» **The task**
Make an exact copy of the data below, leaving out every picture.

» **Provided entries**

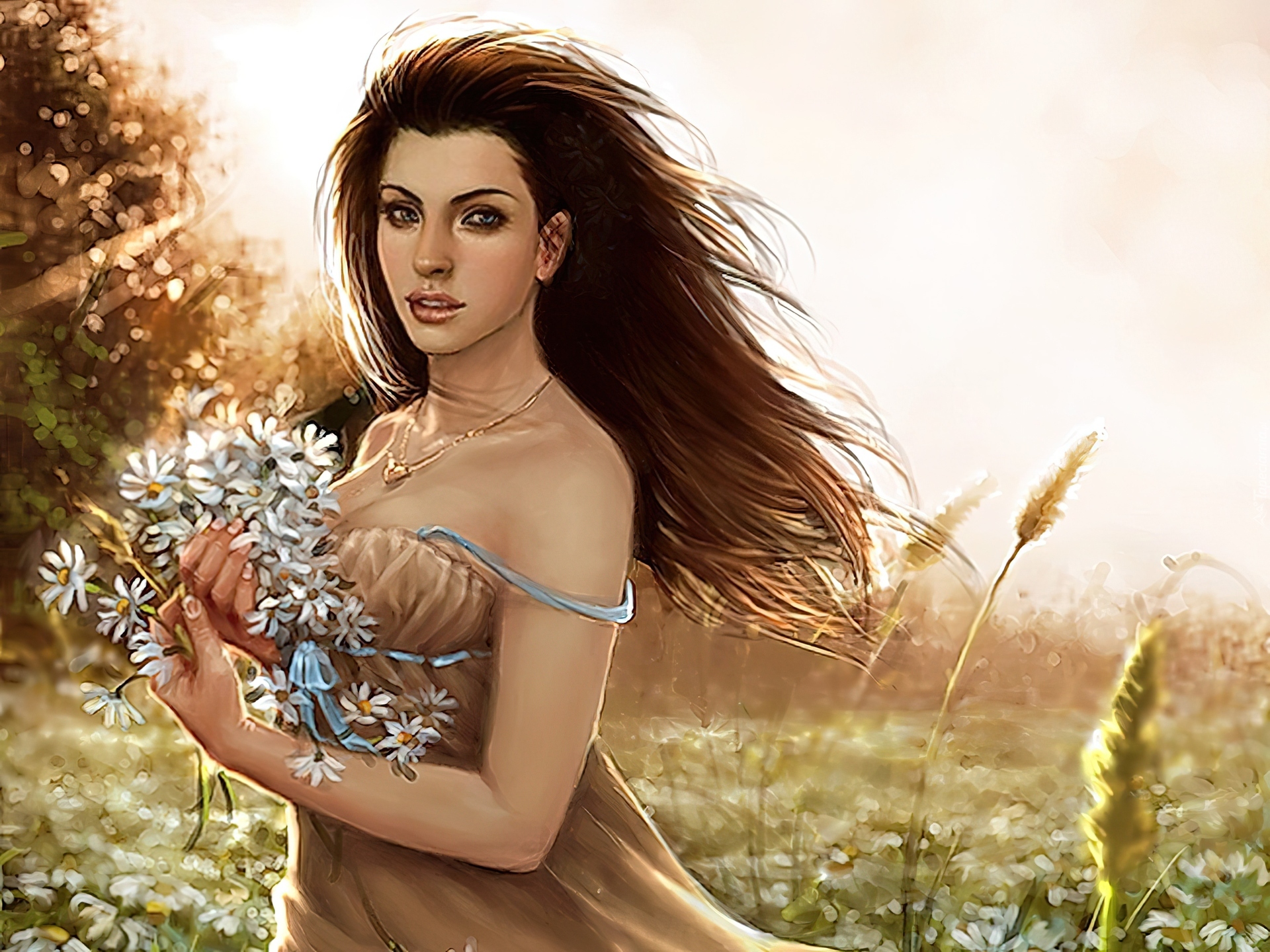 Edytor tapety: Dziewczyna, Naszyjnik, Kwiaty, Łąka
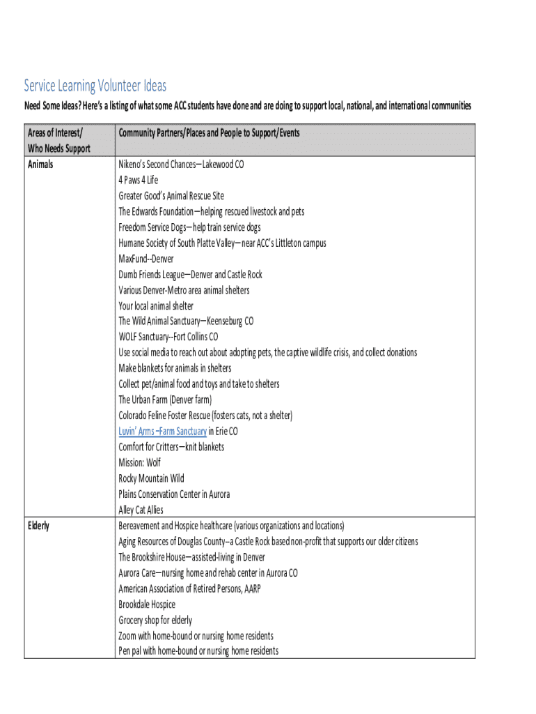 This document provides a comprehensive list of service learning volunteer ideas targeted at students. It highlights various organizations and areas where volunteers can make a difference, including supporting animals, the elderly, children, veterans, individuals experiencing homelessness, and social justice initiatives. It serves as a resource for individuals looking to engage in community service and offers practical suggestions for making an impact locally, nationally, and internationally.
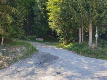 Seguiamo la strada passando per il maso Mörtl, facendo parecchi tornanti in mezzo al bosco e ci ritroviamo a breve ai campi da calcio della cittadina. Seguiamo la strada sulla destra e ci troveremo
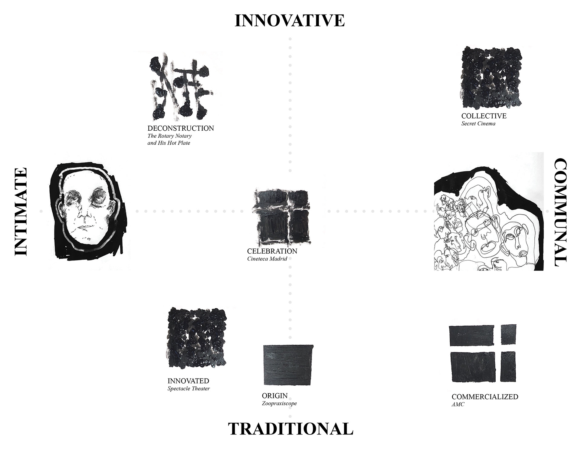 From there, I studied a handful of case studies that embody different settings, typologies, and experiments for consuming film. The study ranged from the traditional AMC Cinema to the contemporary Cineteca Madrid, to the Diller Scofidio experimental performance “the rotary notary and his hotplate, to the pop-up Cinema-performance blend of the Secret Cinema, and finally, the hyper-intimate spectacle theater. Through the studying of these case studies, I began to deepen my understanding of the relationship between the individuals and the screen, the individuals with each other, and the individuals with themselves.
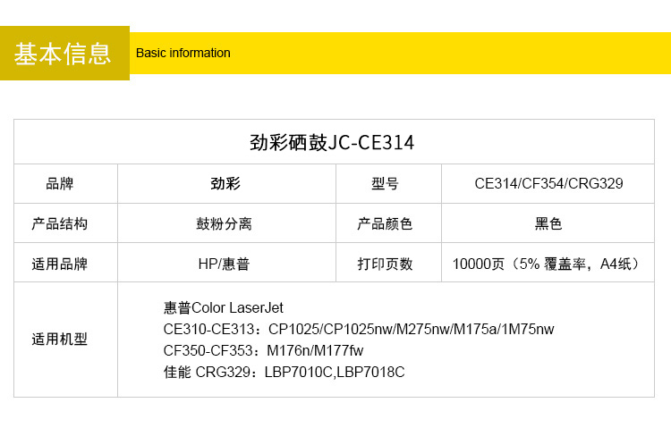 商品名称:劲彩CE314A/CF354A鼓架 适用惠普 CP1025 M175a 佳能CRG329 四色通用成像鼓
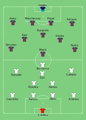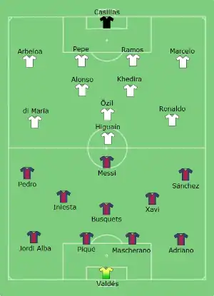 The 2012 Supercopa de España was a two-legged Spanish football match-up that took place on 23 and 29 August 2012 between the champions of 2011–12 La Liga, Real Madrid, and the winner of the 2011–12 Copa del Rey, Barcelona. Barcelona and Real Madrid drew 4–4 on aggregate, with Real Madrid winning on away goals for their ninth Supercopa de España title. This was the first occasion the trophy was won on the away goals rule.
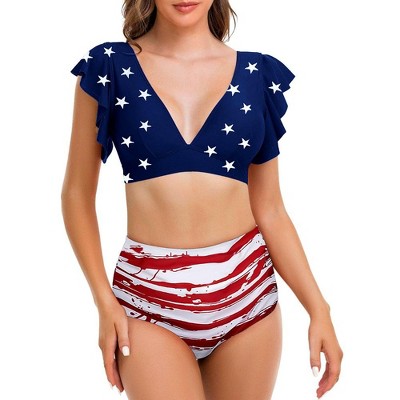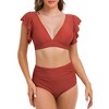 Women's V Neck Bikini Set Two Piece Ruffled Top Bathing Suits High Waisted Bikini Bottom U Back Swimwear - 2 of 4Women's V Neck Bikini Set Two Piece Ruffled Top Bathing Suits High Waisted Bikini Bottom U Back Swimwear - 3 of 4Women's V Neck Bikini Set Two Piece Ruffled Top Bathing Suits High Waisted Bikini Bottom U Back Swimwear - 4 of 4
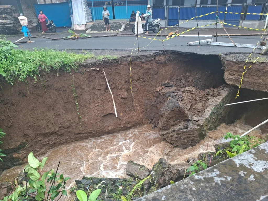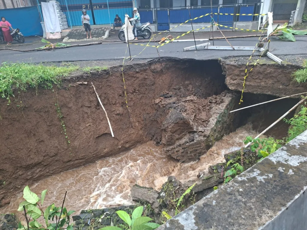 Suara Banyuwangi – Hujan deras yang mengguyur wilayah Kecamatan Songgon Minggu (7/12/2025) sekitar pukul 14.00 WIB mengakibatkan sebuah jembatan poros desa di Dusun Bayurejo, Desa Bayu, RT. 01/RW.01 amblas.
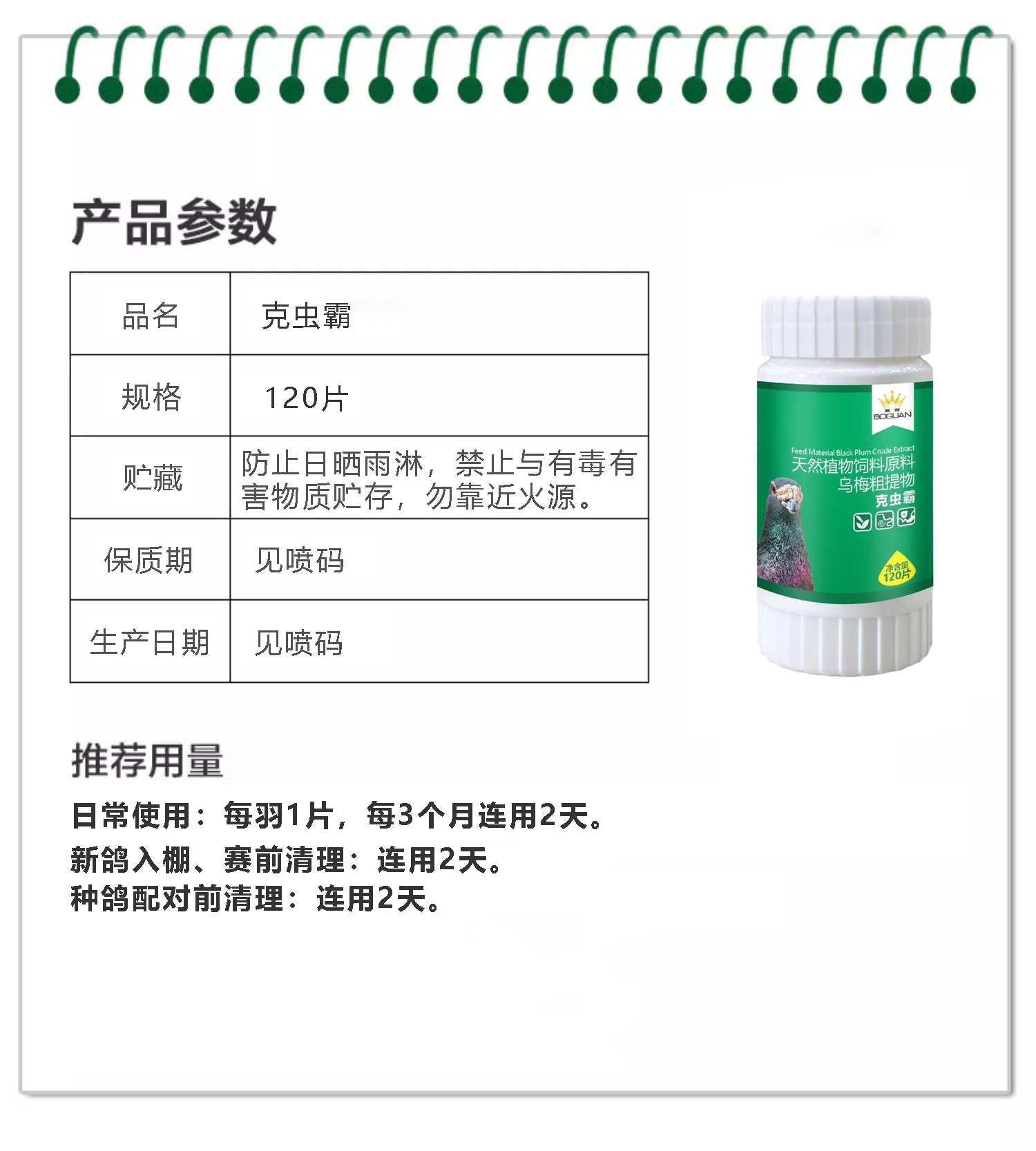 搏冠【克虫霸】片剂120粒赛信鸽子用品清理体内虫打虫博冠驱虫王

» **Your response**
 Edytor tapety: Dziewczyna, Naszyjnik, Kwiaty, Łąka
 This document provides a comprehensive list of service learning volunteer ideas targeted at students. It highlights various organizations and areas where volunteers can make a difference, including supporting animals, the elderly, children, veterans, individuals experiencing homelessness, and social justice initiatives. It serves as a resource for individuals looking to engage in community service and offers practical suggestions for making an impact locally, nationally, and internationally.
 Seguiamo la strada passando per il maso Mörtl, facendo parecchi tornanti in mezzo al bosco e ci ritroviamo a breve ai campi da calcio della cittadina. Seguiamo la strada sulla destra e ci troveremo
 From there, I studied a handful of case studies that embody different settings, typologies, and experiments for consuming film. The study ranged from the traditional AMC Cinema to the contemporary Cineteca Madrid, to the Diller Scofidio experimental performance “the rotary notary and his hotplate, to the pop-up Cinema-performance blend of the Secret Cinema, and finally, the hyper-intimate spectacle theater. Through the studying of these case studies, I began to deepen my understanding of the relationship between the individuals and the screen, the individuals with each other, and the individuals with themselves.
 商品名称:劲彩CE314A/CF354A鼓架 适用惠普 CP1025 M175a 佳能CRG329 四色通用成像鼓
 The 2012 Supercopa de España was a two-legged Spanish football match-up that took place on 23 and 29 August 2012 between the champions of 2011–12 La Liga, Real Madrid, and the winner of the 2011–12 Copa del Rey, Barcelona. Barcelona and Real Madrid drew 4–4 on aggregate, with Real Madrid winning on away goals for their ninth Supercopa de España title. This was the first occasion the trophy was won on the away goals rule.
 Women's V Neck Bikini Set Two Piece Ruffled Top Bathing Suits High Waisted Bikini Bottom U Back Swimwear - 2 of 4Women's V Neck Bikini Set Two Piece Ruffled Top Bathing Suits High Waisted Bikini Bottom U Back Swimwear - 3 of 4Women's V Neck Bikini Set Two Piece Ruffled Top Bathing Suits High Waisted Bikini Bottom U Back Swimwear - 4 of 4
 Suara Banyuwangi – Hujan deras yang mengguyur wilayah Kecamatan Songgon Minggu (7/12/2025) sekitar pukul 14.00 WIB mengakibatkan sebuah jembatan poros desa di Dusun Bayurejo, Desa Bayu, RT. 01/RW.01 amblas.
 搏冠【克虫霸】片剂120粒赛信鸽子用品清理体内虫打虫博冠驱虫王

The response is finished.